Small volumes or fast rate processes

$\rightarrow$ small time constant
$\rightarrow$ need small steps.

Step size is limited by the shortest time constant in the process:

(a) for accuracy of the fast dynamics,
(b) for numerical stability,even if fast dynamics no longer needs to be accurate.
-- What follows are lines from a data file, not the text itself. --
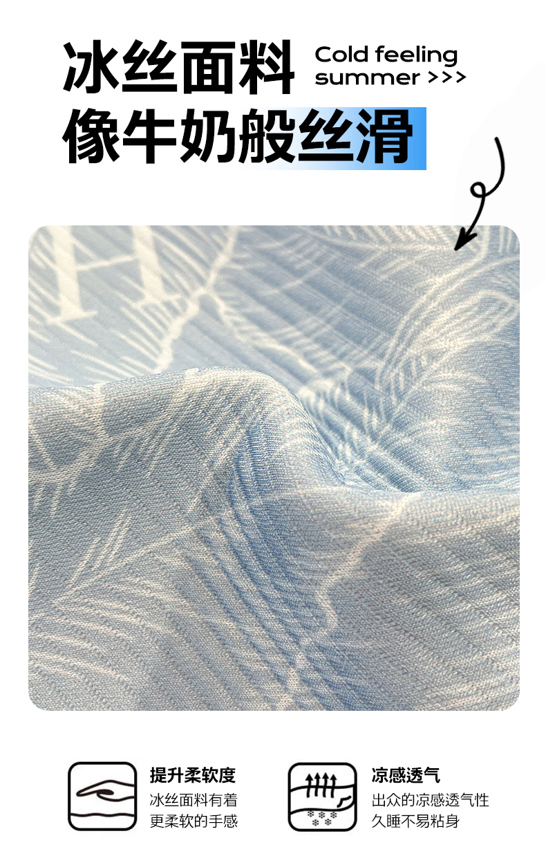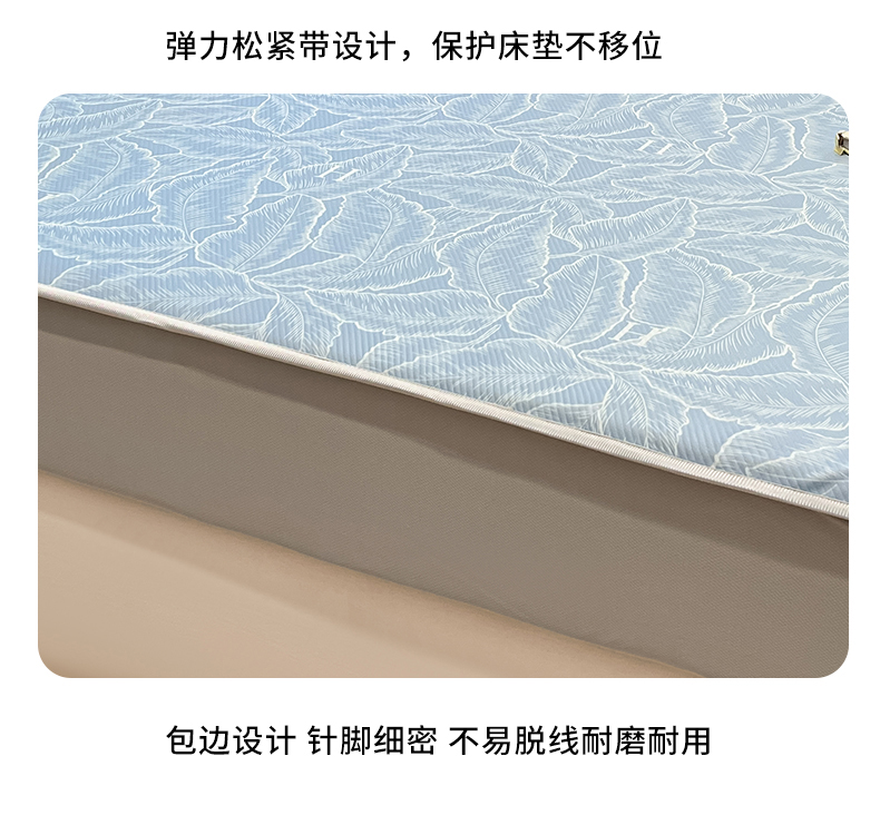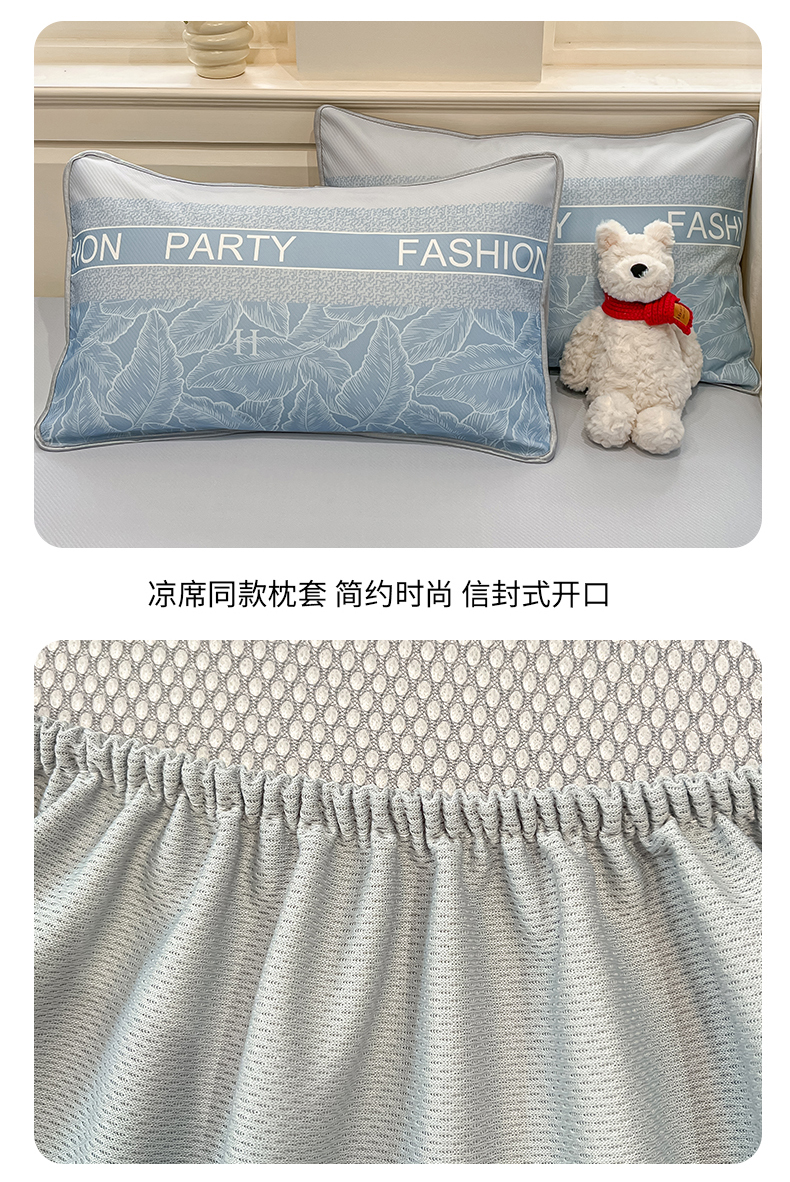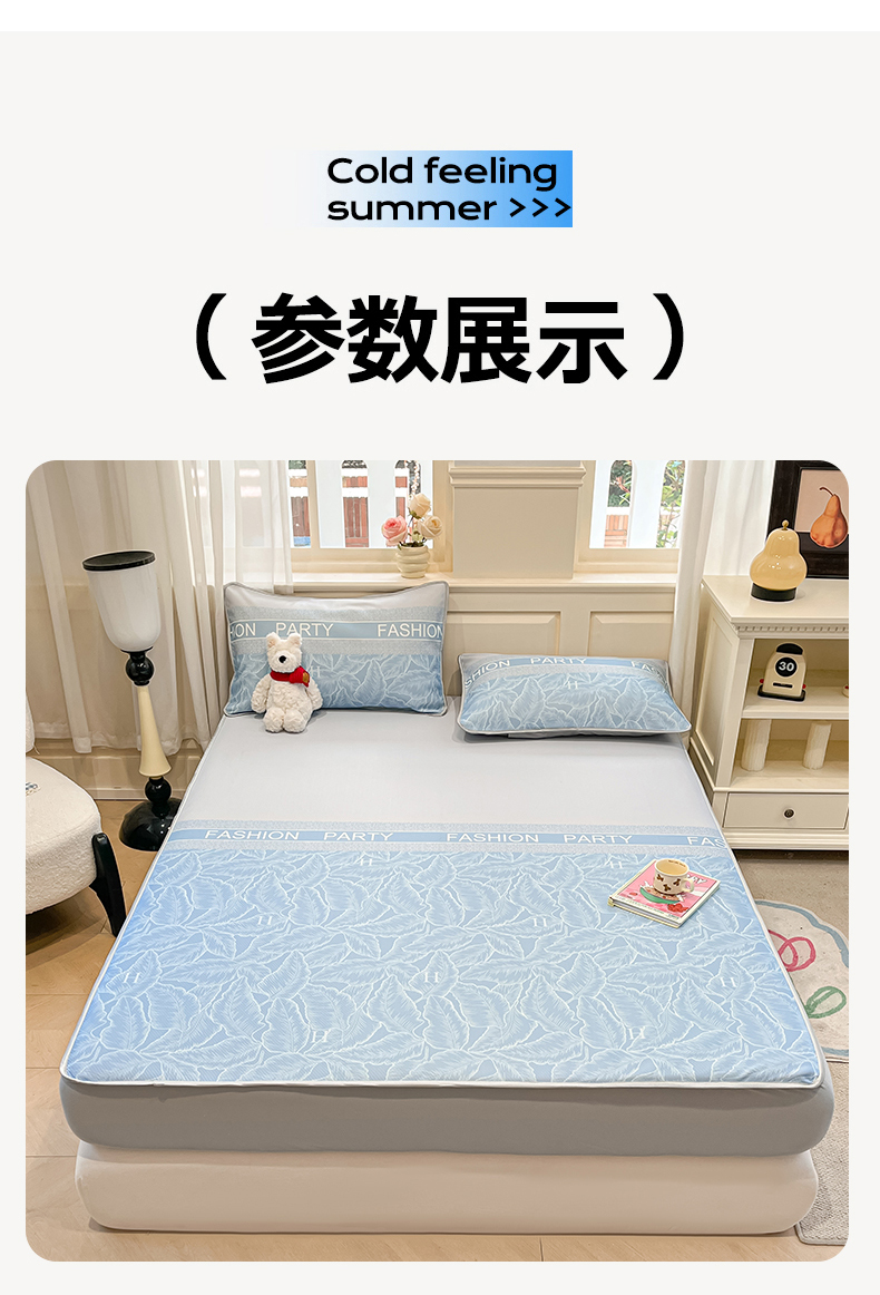 星座家纺 2025新款斜纹提花凉感丝凉席床笠款三件套 床笠-叶之语-蓝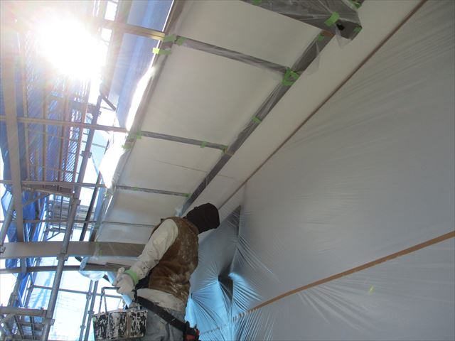外壁に養生を施してから、軒天や破風板の塗装となります。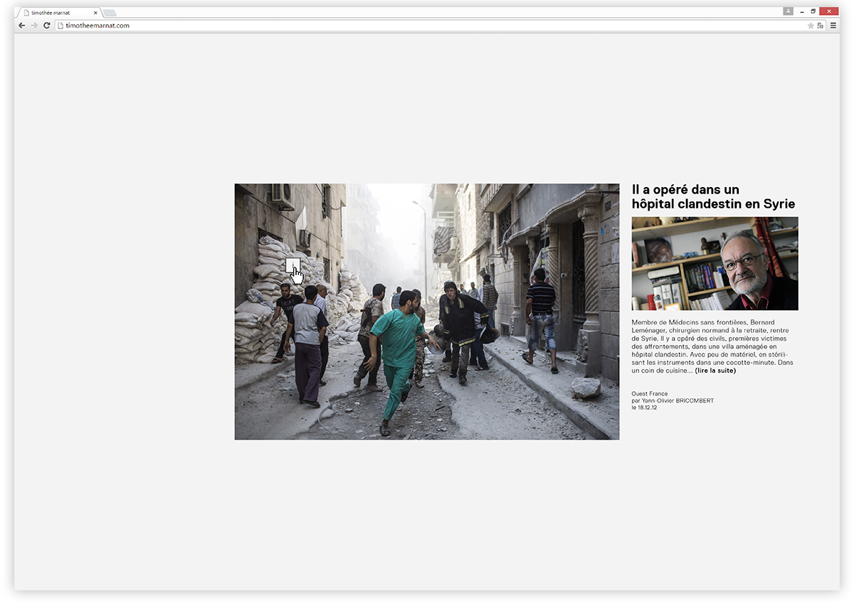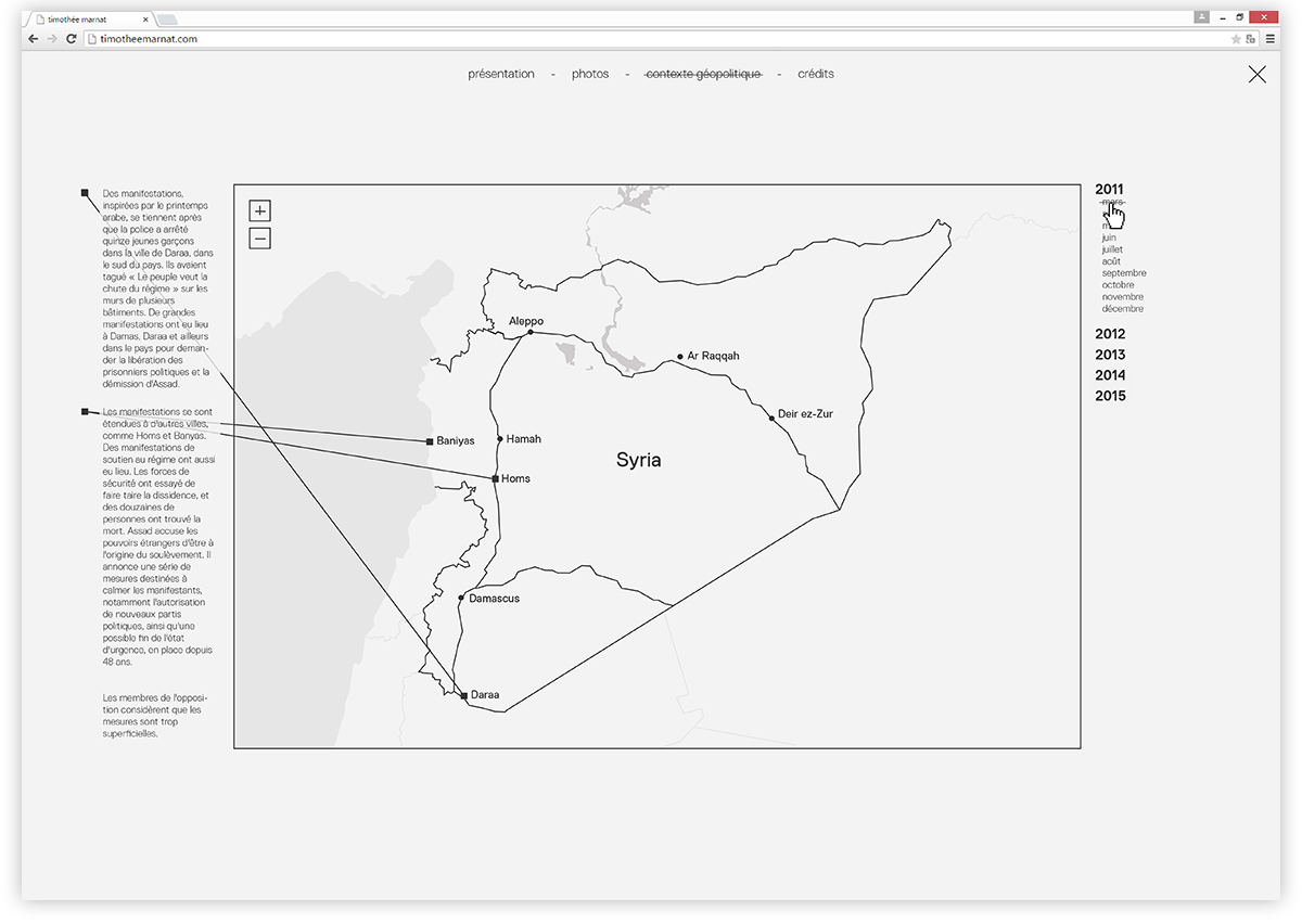 La navigation est inspirée des systèmes de jeu de point and click. En survolant les photos avec la souris, des éléments viennent se révéler et permettent l’accès à des contenus complémentaires (reportages vidéo, articles de presse, émissions de radio, etc), Timothée Marnat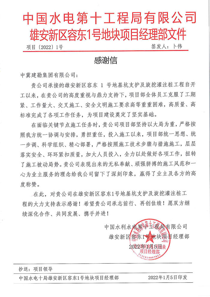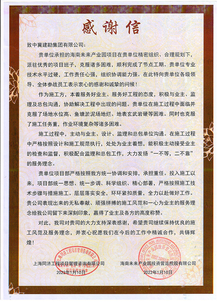 公司連續收到業主及總包方發來的表揚信及榮譽稱號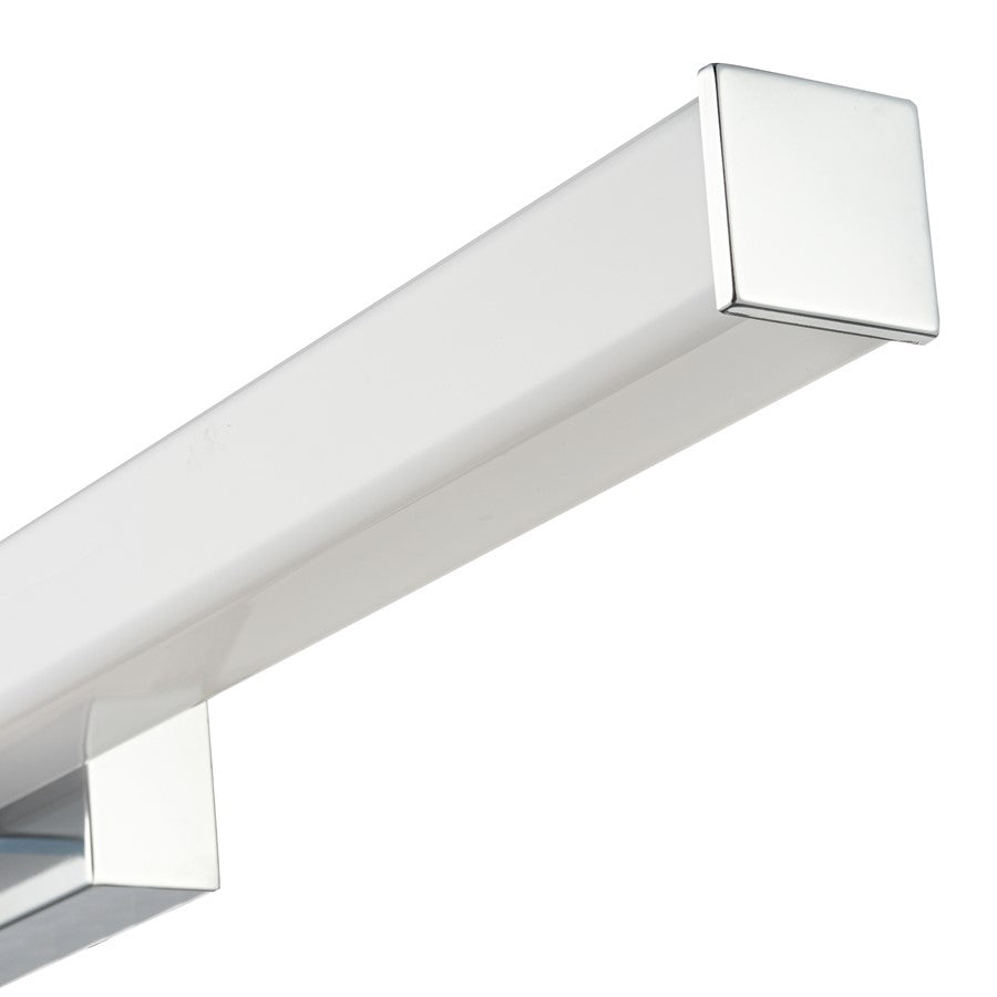 - This fixture features a chrome finish and white acrylic shade.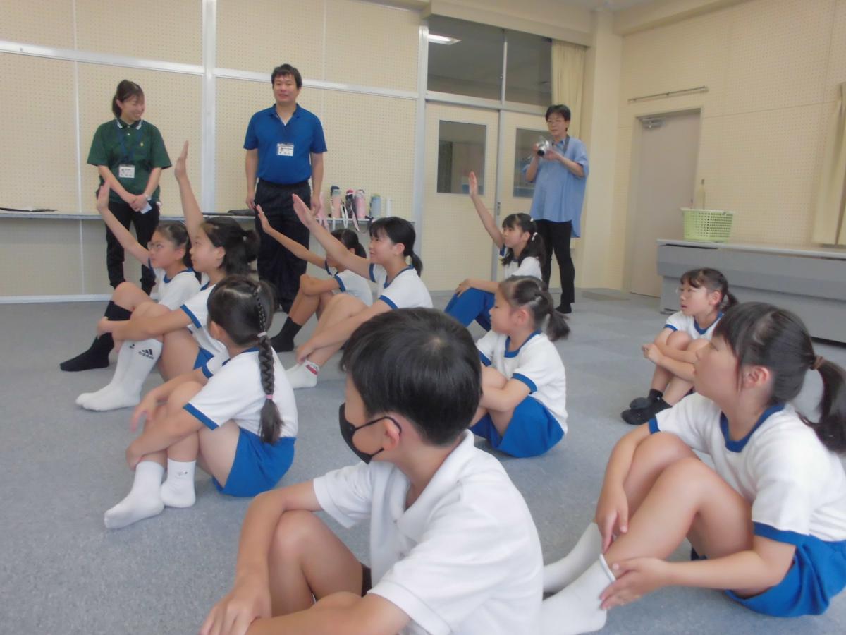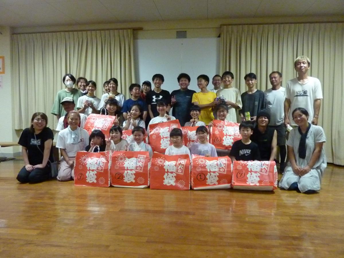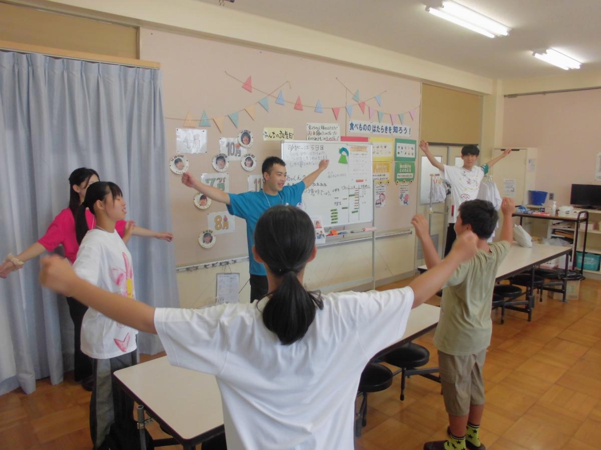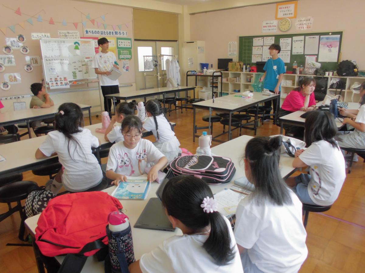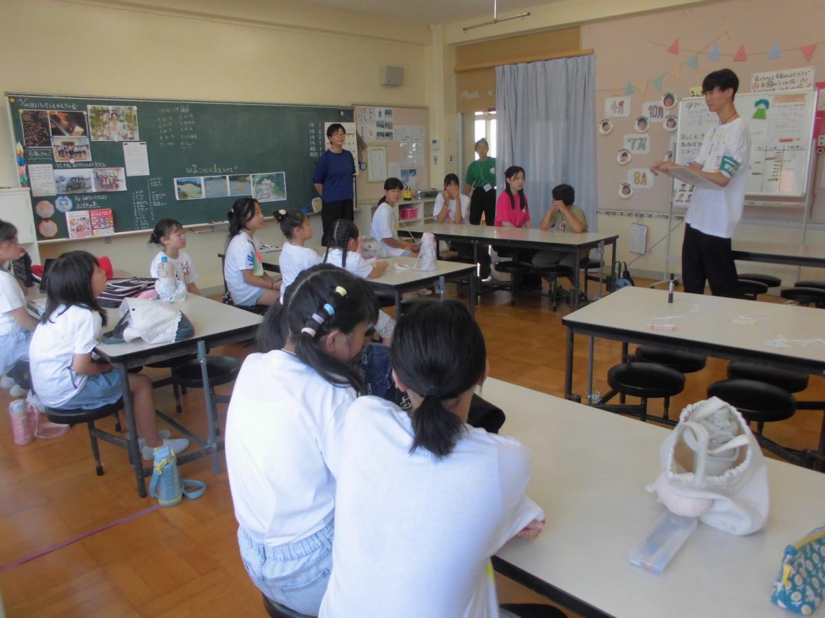 その後フリータイムで、約30分「学びーば」さんと児童が最後の交流活動を行って、いよいよ閉会式です。最初に校長から4回目の来校、5日間のプログラムへのお礼を伝え、次は「学びーば」のメンバー1人1人からこの5日間の感想を話していただきました。続いて、子どもたちからお礼として準備した「お手紙」と「しおり」をみんなで分担して「学びーば」1人1人に手渡しました。涙を流す方もいて、予定通り終わった安心感と楽しい5日間になった満足感を感じました。総勢20数名での慣れない合宿生活の中で、きっと疲れもあったと思いますが、最後まで子どもたちを楽しませようとがんばっていただいたことは、深く子どもたちの今年の夏の素敵な思い出になったと思います。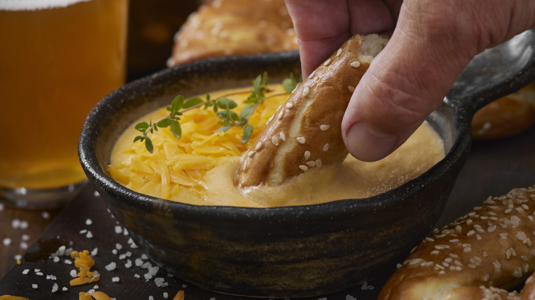 There are other things you should bear in mind when making beer cheese, too — it may be pretty easy to make, but there are still ways to mess it up. Don't skip out on the spices; flavors like garlic powder, smoked paprika, Dijon mustard, and Worcestershire sauce are what separate a great beer cheese from a plain, boring one. Maybe counterintuitively, drinking beer alongside beer cheese isn't the best idea as the flavors can get muddy — wine can be a much better option. And if you really don't want to use alcohol because your guests don't want to consume it or for whatever other reason, non-alcoholic beer can work fine for beer cheese, too.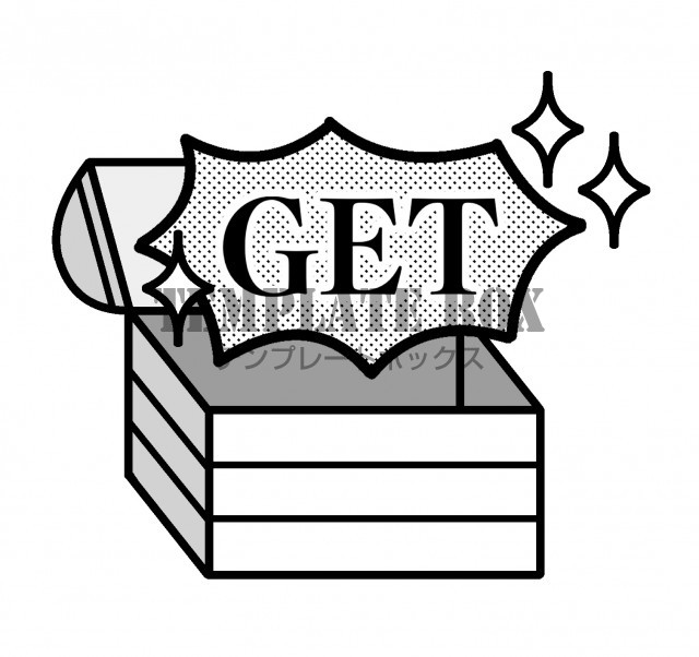 無料イラスト素材:モノクロでシンプルな宝箱からゲットの文字が飛び出しているワンポイント

If a system contains widely different time constants it is said to be stiff. Usually this means a range of at least 3 orders of magnitude in the time constants.

Two tanks with recycle

Tank 1 : a small mixing device
Tank 2 : a large storage tank.

Assume total holdups in steady state. Recycle flow (F3) is fraction r of feed F0.
Model mole fraction of a dilute solute. Assume tanks are well stirred with mole fractions x1 and x2. Let T1 and T2 be tank residence times.

The solute mole fractions are modelled by

\begin{displaymath}T_1 \frac{dx_1}{dt} = x_0 + r x_2 - (1 + r) x_1 \end{displaymath}


\begin{displaymath}T_2 \frac{dx_2}{dt} = (1 + r) (x_1 - x_2) \end{displaymath}

Model derivation in section 4.4.6.1

Simulate with T1 = 10s, T2 = 2000s, r = 0.6, x0 = 0.1 = constant.

ODEs:

\begin{displaymath}\frac{dx_1}{dt} = 0.01 + 0.06 x_2 - 0.16 x_1 \end{displaymath}


\begin{displaymath}\frac{dx_2}{dt} = 0.0008 (x_1 - x_2) \end{displaymath}

Results with explicit Euler

1. h = 1 s ( = 10% of smaller time constant)

step time x(1) x(2)
0 0.0 0.00000 0.00000
1 1.0 0.01000 0.00000
2 2.0 0.01840 0.00001
3 3.0 0.02546 0.00002
4 4.0 0.03138 0.00004
5 5.0 0.03637 0.00007
       
10 10.0 0.05160 0.00024
20 20.0 0.06075 0.00069
40 40.0 0.06295 0.00167
       
100 100.0 0.06410 0.00457
200 200.0 0.06585 0.00922
300 300.0 0.06751 0.01364
       
800 800.0 0.07469 0.03271
900 900.0 0.07592 0.03599

2. h = 200 s ( = 10% of larger time constant)

step time x(1) x(2)
0 0.0 0.000 0.000
1 200.0 2.000 0.000
2 400.0 -60.000 0.320
3 600.0 1865.840 -9.331
4 800.0 -57951.014 290.696

Numerical instability destroys x(1) and then x(2).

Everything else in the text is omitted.